One can always dispute the correct definition of the art, sure, but one cannot dismiss the significance of the standard definition outright, while at the same time relying upon it to identify or promote one’s own method. That is three different kinds of wrong.
When this fellow compared the practitioners of traditional moving-step tuishou to a caveman struggling with a sniper rifle–too stupid to employ their precision tool correctly, and opting to use it as a club instead–I knew he was having a laugh. There is just no other possibility, considering that his own preferred method suspiciously resembles the standard American competitive fixed form, which is roundly mocked for its decadence.
Eliminating tension is necessary but insufficient.

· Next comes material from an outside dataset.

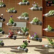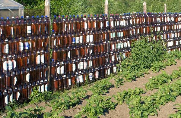 Les bouteilles placées horizontalement sont un enclos exquis pour tout jardin de fleurs. Plusieurs centaines de bidons de 2 litres, de mortier de ciment et de vieux pneus sont utiles aux travaux. Ces derniers servent de support à des structures de 1,5 mètre.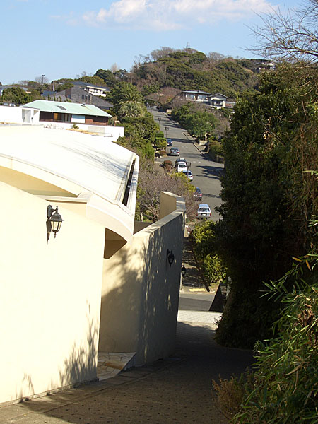 逗子駅手前の踏切を渡って駅前のなぎさ通りを抜けると池田通りという交差点にでた。ここで地図を確認、そのまま直進し久木郵便局を通過し小坪入口を左折する。披露山入口のバス停の先を左折するとぐねぐねとした急な上り坂となった。

Yes, it is immensely difficult to forgo any and all physical, intellectual and emotional tension while at the same time stepping around the floor in an agile and unscripted fashion, maintaining contact with an unpredictable partner, continuously circling with both arms, and neutralizing that partner’s attempts to apply the eight energies while searching for opportunities to apply their own. But if we intend to play the game of Taijiquan pushing hands (as opposed to making up a new game with the same name), this is the standard.
The exercise I have just described is fully congruent with the classics; it demands relaxation; it is good exercise; it is fun; and yes, it is relevant to combat.
Then he said that people who want to learn how to protect their head should give up on Taijiquan, and take up boxing instead.
OMFG LULZ. The good news is, I’m finally in on the joke.